- **What is expected**
Retype the lines below exactly, but only those from the line that has "The Inside Heat(TM)" through the line that has "2023可爱卡通小狗毛绒帽子女萌保暖护耳秋冬帽加厚围脖雷锋帽". Omit every picture.

- **Information supplied**
»»

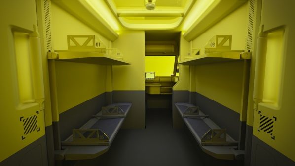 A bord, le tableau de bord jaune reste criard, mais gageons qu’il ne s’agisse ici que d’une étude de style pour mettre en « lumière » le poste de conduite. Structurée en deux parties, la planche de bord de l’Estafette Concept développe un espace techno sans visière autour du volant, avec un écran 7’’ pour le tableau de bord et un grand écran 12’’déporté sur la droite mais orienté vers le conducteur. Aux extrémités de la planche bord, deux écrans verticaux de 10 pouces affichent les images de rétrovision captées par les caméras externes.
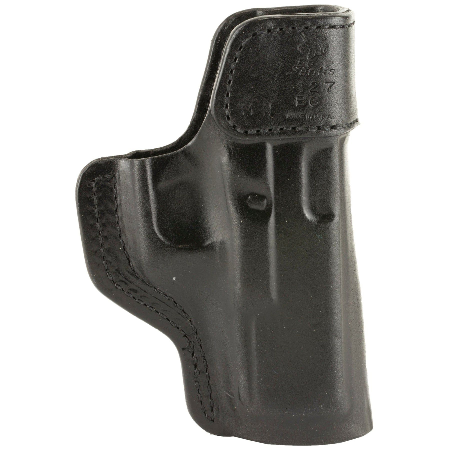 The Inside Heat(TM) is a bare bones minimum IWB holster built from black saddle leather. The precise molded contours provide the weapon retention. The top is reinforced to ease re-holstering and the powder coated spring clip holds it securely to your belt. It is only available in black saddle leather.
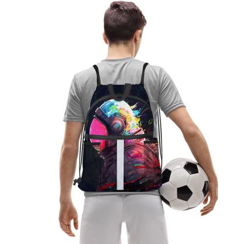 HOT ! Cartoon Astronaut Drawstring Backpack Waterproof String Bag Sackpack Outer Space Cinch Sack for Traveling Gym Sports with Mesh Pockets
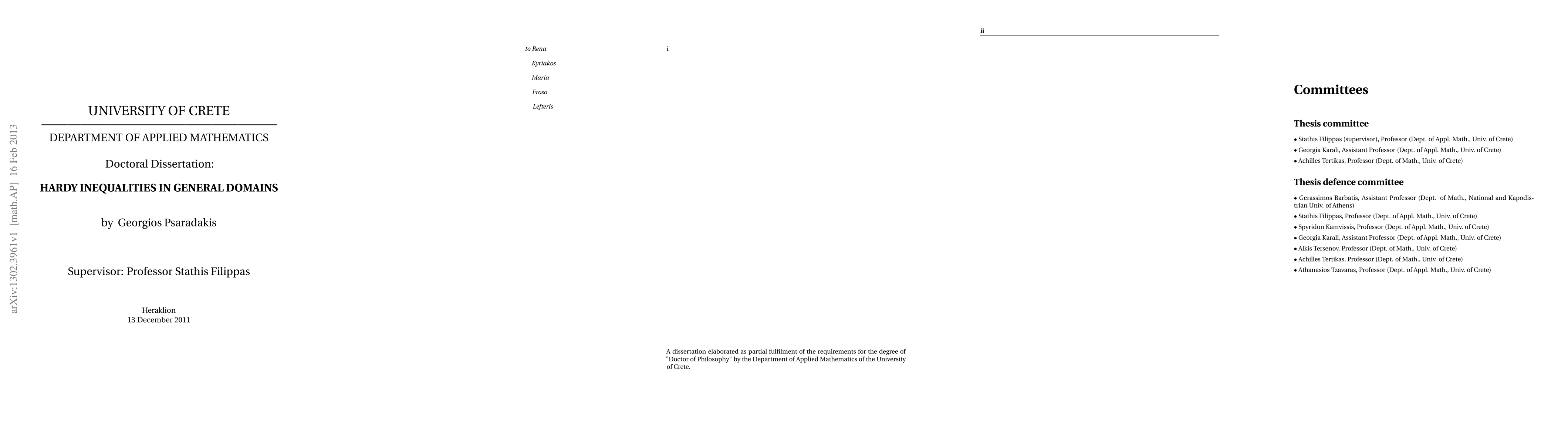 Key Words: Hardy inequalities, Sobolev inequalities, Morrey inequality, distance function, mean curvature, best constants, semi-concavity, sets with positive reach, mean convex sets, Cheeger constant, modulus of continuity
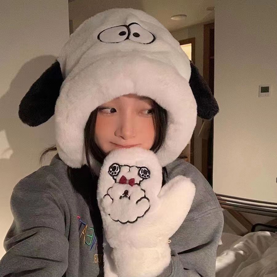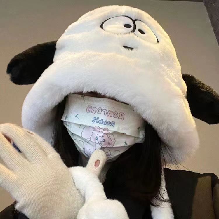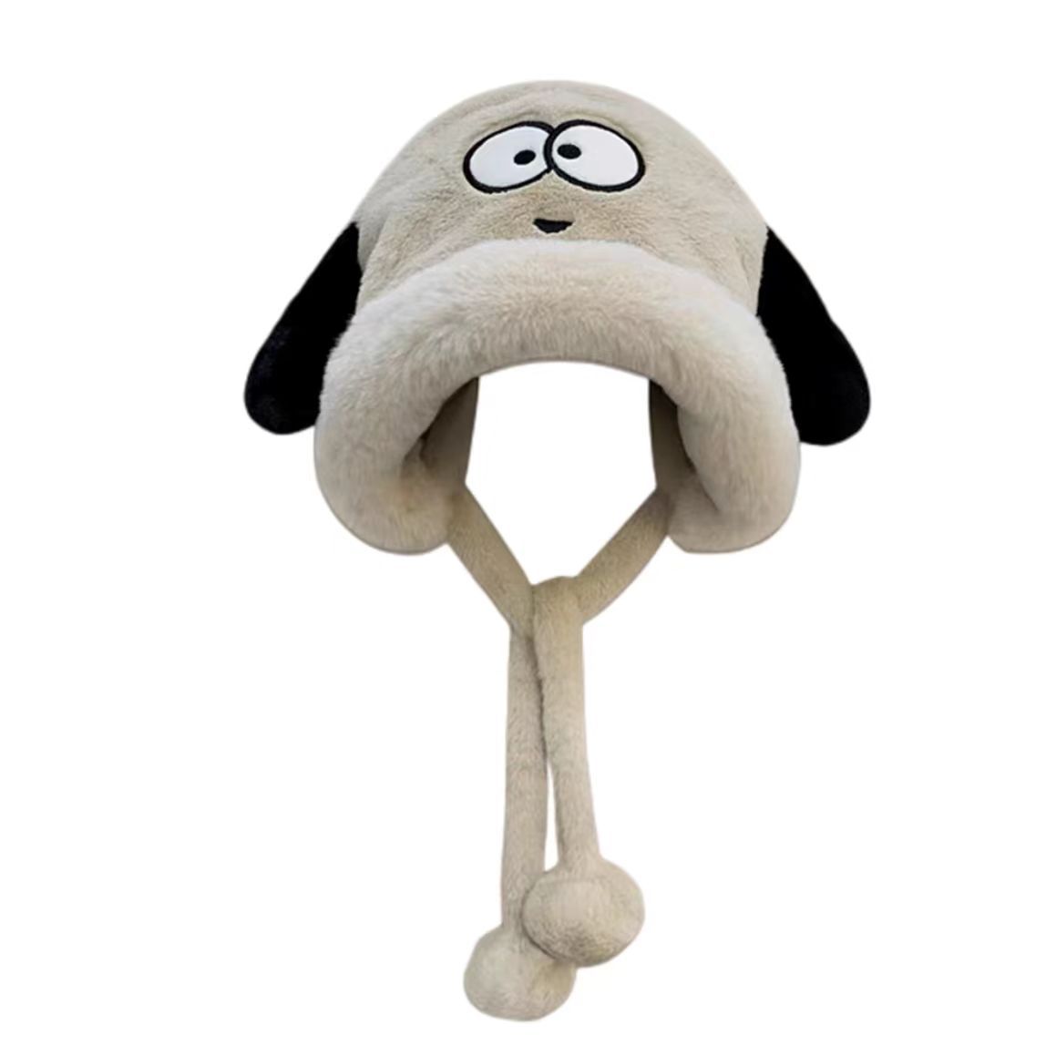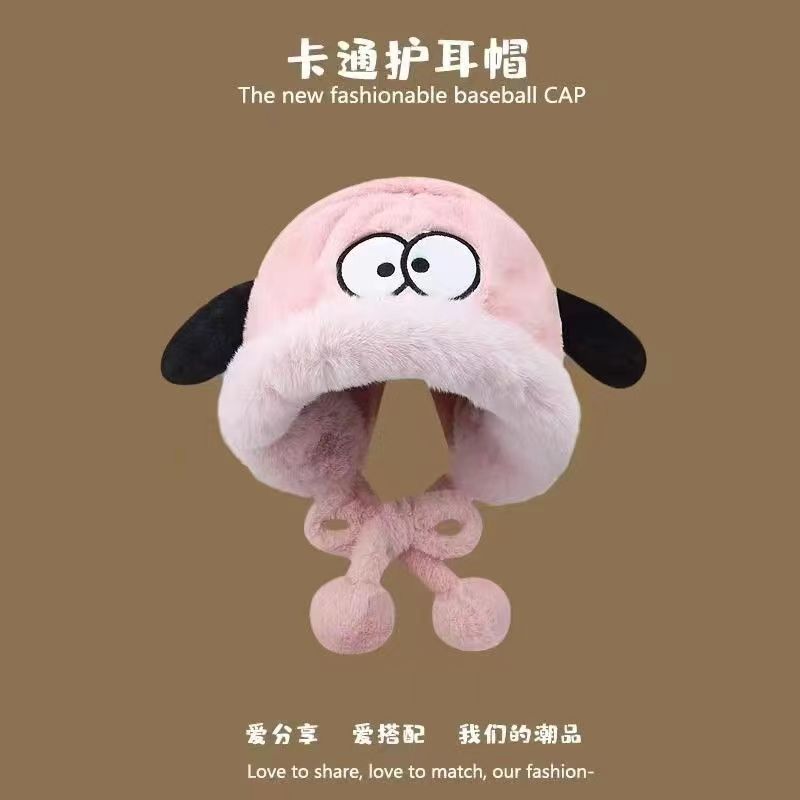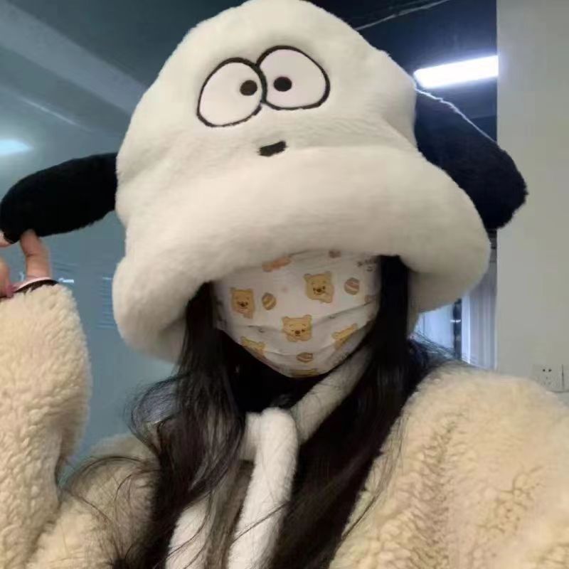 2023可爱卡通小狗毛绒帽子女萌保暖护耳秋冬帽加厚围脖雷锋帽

««
»»

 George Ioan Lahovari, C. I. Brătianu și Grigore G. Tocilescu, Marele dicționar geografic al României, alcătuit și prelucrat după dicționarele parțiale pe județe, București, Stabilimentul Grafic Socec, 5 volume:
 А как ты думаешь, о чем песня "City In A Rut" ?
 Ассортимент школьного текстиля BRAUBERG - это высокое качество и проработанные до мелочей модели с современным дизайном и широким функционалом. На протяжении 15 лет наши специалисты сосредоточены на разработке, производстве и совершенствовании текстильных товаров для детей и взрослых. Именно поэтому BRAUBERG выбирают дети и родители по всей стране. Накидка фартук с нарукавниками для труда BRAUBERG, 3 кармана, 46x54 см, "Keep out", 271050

««
»»

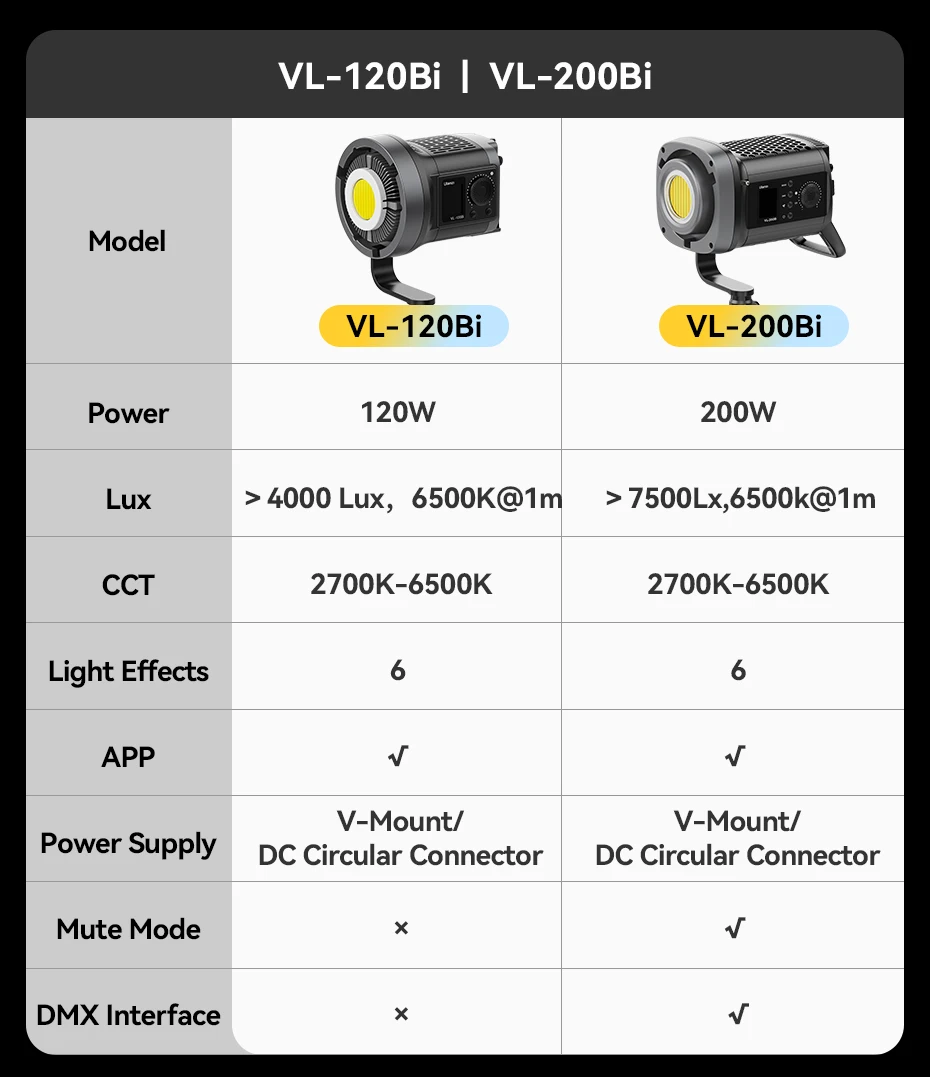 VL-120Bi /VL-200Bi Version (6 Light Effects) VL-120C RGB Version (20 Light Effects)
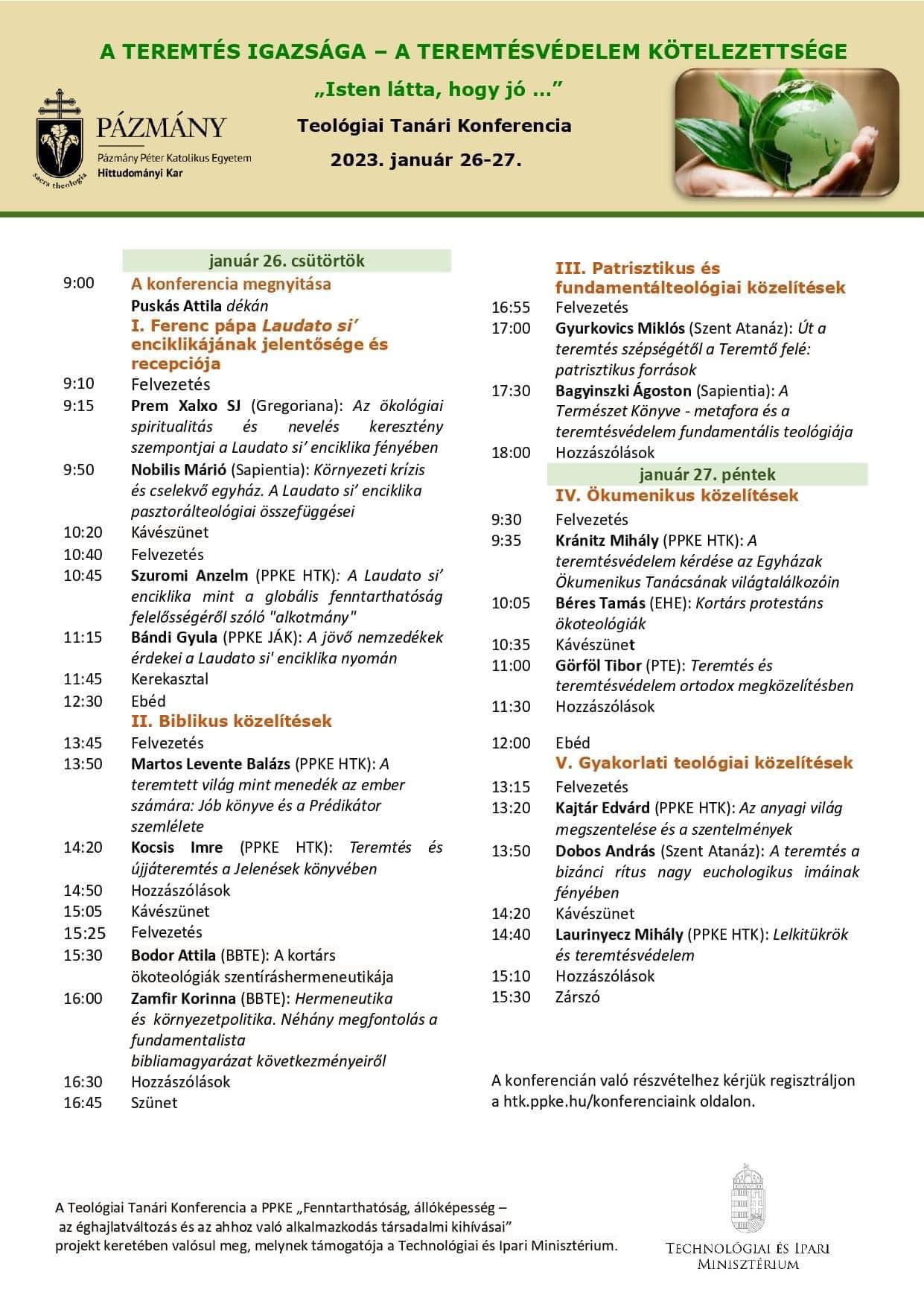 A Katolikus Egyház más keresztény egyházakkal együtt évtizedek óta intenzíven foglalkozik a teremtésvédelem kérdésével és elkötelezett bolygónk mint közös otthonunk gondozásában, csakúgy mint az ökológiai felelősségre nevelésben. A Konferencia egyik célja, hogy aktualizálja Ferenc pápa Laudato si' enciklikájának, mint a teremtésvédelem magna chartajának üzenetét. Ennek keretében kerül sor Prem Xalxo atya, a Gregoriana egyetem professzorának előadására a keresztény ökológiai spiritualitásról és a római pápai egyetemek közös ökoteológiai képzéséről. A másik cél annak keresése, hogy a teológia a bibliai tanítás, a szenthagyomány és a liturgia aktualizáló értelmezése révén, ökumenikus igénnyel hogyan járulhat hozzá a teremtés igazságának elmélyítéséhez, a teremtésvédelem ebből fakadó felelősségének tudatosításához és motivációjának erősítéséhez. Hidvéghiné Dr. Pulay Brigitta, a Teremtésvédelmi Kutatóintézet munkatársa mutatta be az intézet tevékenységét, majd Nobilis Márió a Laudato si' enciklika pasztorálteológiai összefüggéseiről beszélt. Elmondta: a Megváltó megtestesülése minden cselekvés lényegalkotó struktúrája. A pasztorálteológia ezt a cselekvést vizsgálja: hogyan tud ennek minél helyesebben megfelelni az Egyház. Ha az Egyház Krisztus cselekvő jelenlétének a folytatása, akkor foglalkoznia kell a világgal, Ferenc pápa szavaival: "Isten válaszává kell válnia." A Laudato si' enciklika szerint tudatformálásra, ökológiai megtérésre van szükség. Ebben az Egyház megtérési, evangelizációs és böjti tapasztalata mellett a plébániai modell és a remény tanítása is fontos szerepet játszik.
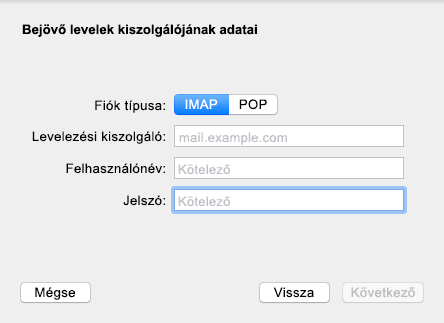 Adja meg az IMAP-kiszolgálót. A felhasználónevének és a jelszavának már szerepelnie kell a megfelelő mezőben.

««

- **Response**
 The Inside Heat(TM) is a bare bones minimum IWB holster built from black saddle leather. The precise molded contours provide the weapon retention. The top is reinforced to ease re-holstering and the powder coated spring clip holds it securely to your belt. It is only available in black saddle leather.
 HOT ! Cartoon Astronaut Drawstring Backpack Waterproof String Bag Sackpack Outer Space Cinch Sack for Traveling Gym Sports with Mesh Pockets
 Key Words: Hardy inequalities, Sobolev inequalities, Morrey inequality, distance function, mean curvature, best constants, semi-concavity, sets with positive reach, mean convex sets, Cheeger constant, modulus of continuity
 2023可爱卡通小狗毛绒帽子女萌保暖护耳秋冬帽加厚围脖雷锋帽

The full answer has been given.